The stability of a crystal with diamond structure for patchy particles with tetrahedral symmetry

TL;DR

This study investigates the phase behavior of tetrahedral patchy particles, revealing conditions under which diamond structures can form, emphasizing the role of entropy and kinetics in crystal stability and growth.

Contribution

It provides the first detailed phase diagram for tetrahedral patchy particles, highlighting the importance of entropy and kinetic effects in diamond crystal formation.

Findings

Diamond phase is unstable for longer-range potentials.

Body-centered cubic phase forms at low T and P.

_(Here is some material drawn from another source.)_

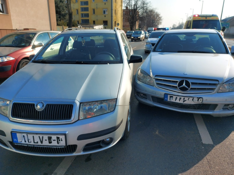 Szabálytalan sávváltás miatt összeütközött két személygépkocsi kedd délután az Inczédy soron.

Diamond phase can be kinetically favored despite being thermodynamically unstable.

Abstract

The phase diagram of model anisotropic particles with four attractive patches in a tetrahedral arrangement has been computed at two different values for the range of the potential, with the aim of investigating the conditions under which a diamond crystal can be formed. We find that the diamond phase is never stable for our longer-ranged potential. At low temperatures and pressures, the fluid freezes into a body-centred-cubic solid that can be viewed as two interpenetrating diamond lattices with a weak interaction between the two sublattices. Upon compression, an orientationally ordered face-centred-cubic crystal becomes more stable than the body-centred-cubic crystal, and at higher temperatures a plastic face-centered-cubic phase is stabilized by the increased entropy due to orientational disorder. A similar phase diagram is found for the shorter-ranged potential, but at low temperatures and pressures, we also find a region over which the diamond phase is thermodynamically favored over the body-centred-cubic phase. The higher vibrational entropy of the diamond structure with respect to the body-centred-cubic solid explains why it is stable even though the enthalpy of the latter phase is lower. Some preliminary studies on the growth of the diamond structure starting from a crystal seed were performed. Even though the diamond phase is never thermodynamically stable for the longer-ranged model, direct coexistence simulations of the interface between the fluid and the body-centred-cubic crystal and between the fluid and the diamond crystal show that, at sufficiently low pressures, it is quite probable that in both cases the solid grows into a diamond crystal, albeit involving some defects. These results highlight the importance of kinetic effects in the formation of diamond crystals in systems of patchy particles.